While COVID Watch is based off BBT, Balachandran said it wasn’t just a simple relaunch of the same tool. While the team was able to leverage BBT’s baseline questions to get a better understanding of what COVID Watch should ask, the new team needed to come up with their own protocols.

For example, when patients with COPD who were monitored through BBT needed escalated care, that involved contact with a respiratory therapist and, sometimes, the dispatch of a nurse to the patient’s home for treatment. The program could also run with relatively few clinicians. But COVID Watch needed a much larger pool of clinicians to watch over patients and, to help maintain social distancing, the program needed to rely much more on telemedicine. When it looks like patients need more help, they are referred to Penn Medicine OnDemand — another program developed by the Innovation Center — for a video chat or phone call where staff assess their symptoms and direct them to the hospital, if need be.

“That’s a big difference between COVID Watch and all the symptom trackers you see around these days,” Asch added. “Those symptom trackers typically end with the advice to ‘call your doctor,’ which is not really that useful or at least is pretty obvious. In contrast, COVID Watch is fundamentally connected to a health care team, a team of Penn Medicine clinicians.”

That team of Penn Medicine clinicians offering care via both the COVID Watch remote monitoring tool and via telemedicine has grown rapidly in the past month. In anticipation of COVID-19, OnDemand expanded from roughly 12 staff members to more than 200. Krisda Chaiyachati, MD, the medical director of OnDemand, described it as “building an entire business in a week.” Anna Morgan, MD, an assistant professor of Internal Medicine who typically works at the Penn Medicine University City building, is a friend of Chaiyachati’s whom he recruited to be the medical director of COVID Watch.

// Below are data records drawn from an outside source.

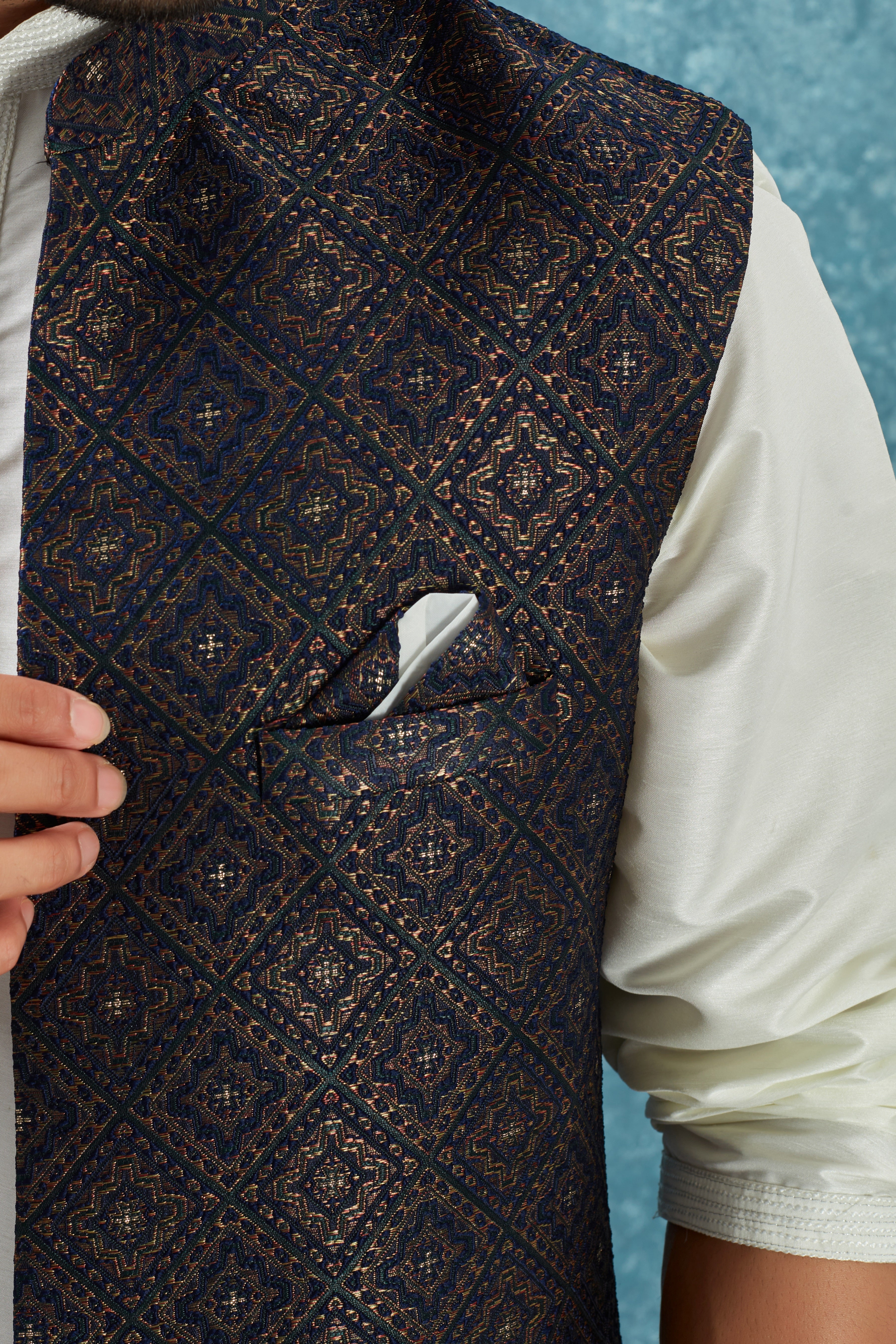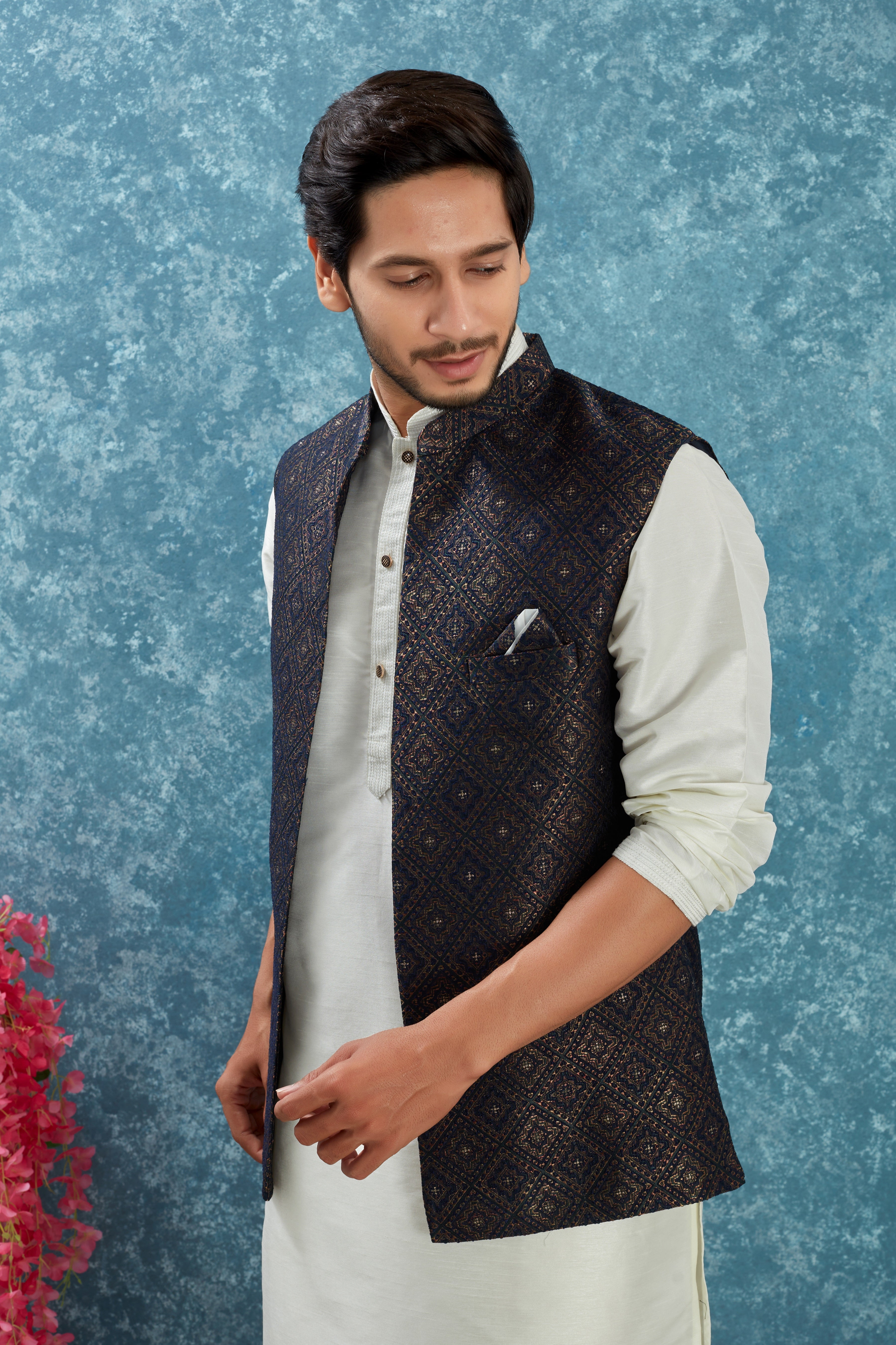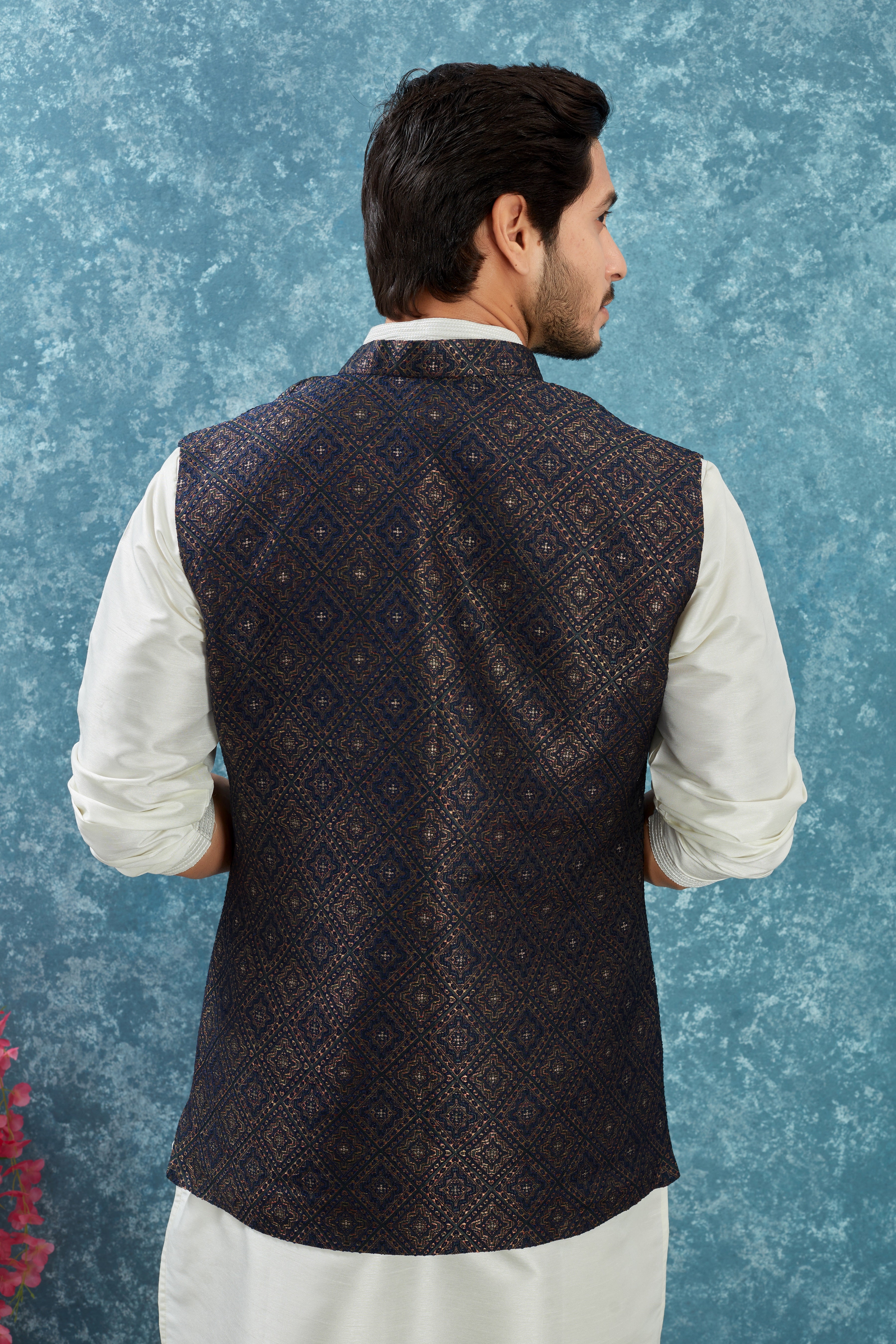 Step into timeless elegance with our Navy Blue & Black Brocade Nehru Jacket paired with a classic Solid kurta. This ensemble brings together traditional style and modern sophistication, making it perfect for festive events, weddings, and formal gatherings.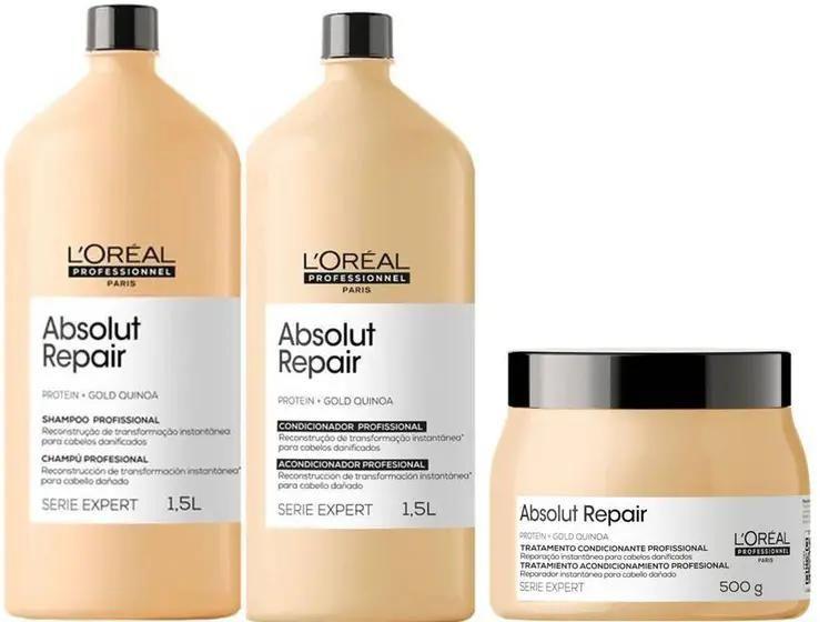 Kit loreal absolut repair gold quinoa shampoo e condicionador 1500 ml e máscara 500 gr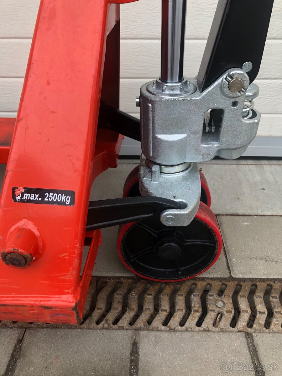Predám funkčný,zachovalý,používaný paletovy vozik.Paletak je pretesneny nové manžety aj olej,dĺžka lyzin 115cm,zdvih 2500kg,kolieska v dobrom stave,možnosť odskúšať ,cena 190€.
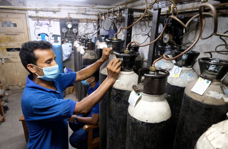 ▲4月28日,工人在印度加尔各答一家医院填充氧气瓶。印度卫生部28日公布的数据显示,该国累计新冠死亡病例超过20万例。印度医疗系统压力倍增,医用氧气供应和床位愈加紧张。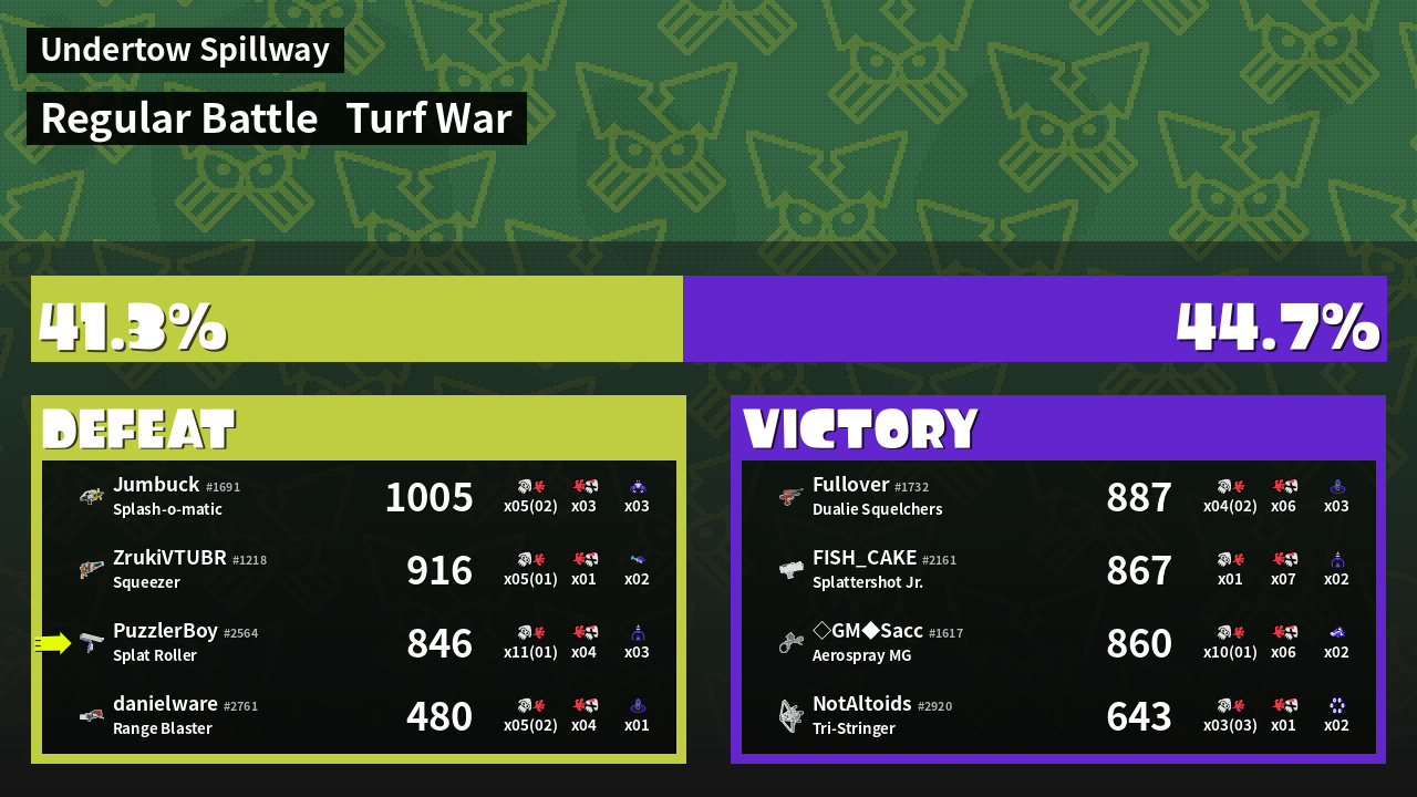 | Medals | #1 Overall Splatter #1 Enemy Splatter #1 Ink Consumer | ||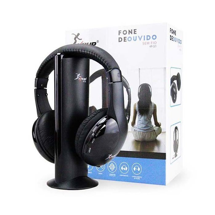 O fone de ouvido Knup KP-323, é resistente a interferências, sinal forte, performance inigualável e distância efetiva de mais de 6 metros através de barreiras e paredes. Fone sem fio para Recepção sem fio de equipamentos como DVD, Computador, TV, Aparelho de Som, Vídeo Game, etc. Possui um microfone de alta sensibilidade para que nenhum fio fique atrapalhando sua conversa No caso de falta de pilhas, seu fone também pode ser usado com o fio que acompanha o kit. Descrição do Produto: Fone de ouvido sem fio 5 em 1 Model KP-323. Para conseguir a melhor recepção espalhe bem o cabo de áudio do emissor (o cabo de áudio do emissor também pode ser utilizado como antena). Características: - Receber Radio FM - Conversar Sem Fio - Fone com Fio - Desligar - Função de fone de ouvido / sem fio wireless; sim Bluetooth; não Especificações Técnicas: Emissor: - Frequência: 87,5 + -0.5MHz - Modo de Modulação: FM - Alcance: 30 (sem interferência) - Alimentação: 2 pilhas AAA ou 4.5V DC Receptor: - Faixa de Frequência: 84 - 108 MHz - Modo de Recepção: FM - Distorção: 2% - Alimentação: 2 pilhas AAA Itens Inclusos: - Emissor: 1 unidade - Receptor (fone de ouvido): 1 unidade - Manual: 1 unidade - Cabo de Audio: 1 unidade - Adaptador de cabo de audio: 1 unidade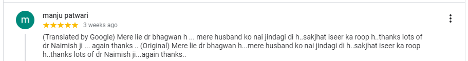 Mere lie dr bhagwan h … mere husband ko nai jindagi di h..sakjhat iseer ka roop h..thanks lots of dr Naimish ji … again thanks .. (Original) Mere lie dr bhagwan h…mere husband ko nai jindagi di h..sakjhat iseer ka roop h..thanks lots of dr Naimish ji…again thanks..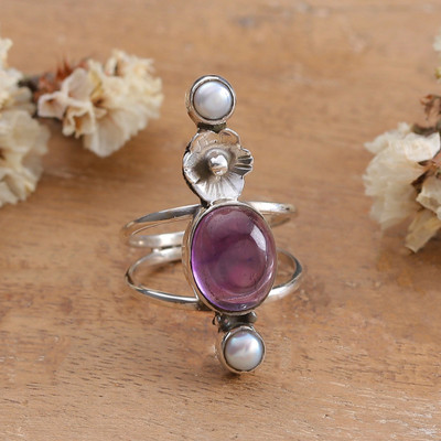 The spirit of the ocean comes from the depths to greet you with an exquisite creation of precious jewels. Designer Arpita Sharma of India captures the sea's soul in this sterling silver cocktail ring, crowned with an amethyst stone as a symbol of wisdom. Cultured pearls in a natural grey hue accompany the main jewel, adding the essence of the ocean to this fantasy-themed piece.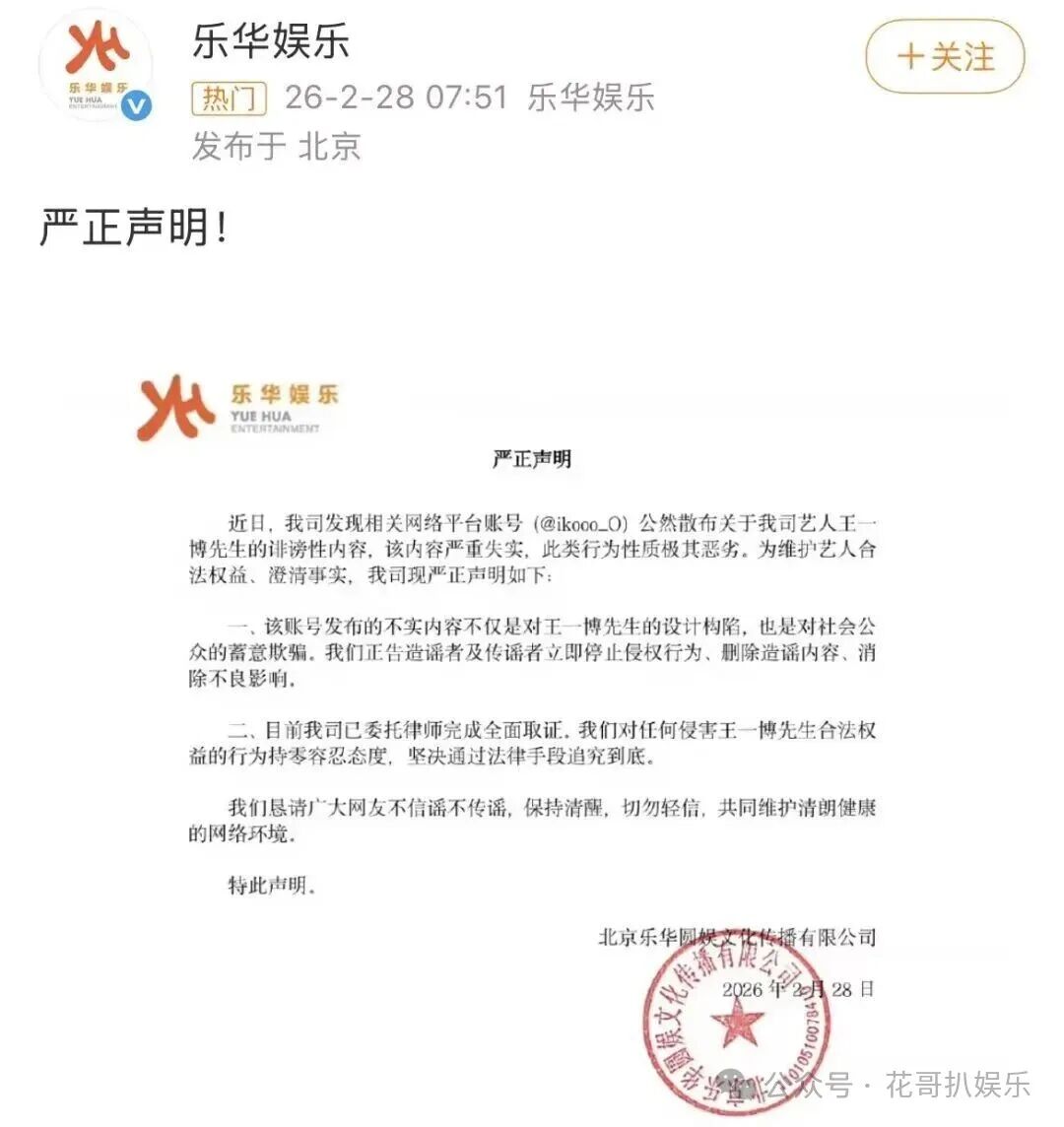 就在吃瓜群众疯狂吃瓜,粉丝努力澄清,正主沉默不语的时候,乐华娱乐难得没有像以前一样什么话都闷着不说。几个小时之后,乐华娱乐迅速发布严正声明,直指相关内容系恶意伪造,并已委托律师全面取证,准备追究造谣者的法律责任。只不过这样的声明吃瓜群众看得太多了,所以只有粉丝吃了颗定心丸,还是有不少人围观看热闹。

She echoed his sentiments about growth, though her program actually didn’t exist before the outbreak.

“I think what we’ve gotten done in two weeks would take six months to staff up in normal circumstances,” Morgan said. “It includes the technology piece of this, which has been very impressive, but it also includes the roll-out to various clinicians and service lines.”

COVID Watch is also taking on patients with the virus who are well enough to recover from home after they’ve been discharged from Penn Medicine emergency departments and hospitals. In addition to the automated texts that go out every morning and afternoon, COVID Watch has four nurses who answer calls from patients. At any time, patients can also just text the word “worse” for an immediate call with a COVID Watch nurse.

Additionally, there are several spin-offs and similar programs being used for specific populations, such as Pregnancy Watch, for expectant mothers with the virus—run by Adi Hirshberg, MD, and Sindhu Srinivas, MD, of the Department of Obstetrics and Gynecology.  A different version of the program is being established for palliative care patients. The team also hopes to share the model with other health systems looking for a similar solution.

Another way the COVID Watch program keeps things simple and accessible: Penn Medicine clinicians can enroll their patients into COVID Watch directly from the electronic medical record — whether they are patients in primary care or specialty practices, or whether they were just seen in the emergency department. Susan Day, MD, a professor of Clinical Medicine and primary care physician at Penn, has made sure the program fits into the clinician workflow. 

“The doctors and nurses work through the electronic health record,” Day said. “One reason this program is successful is that it meets clinicians where they already are.”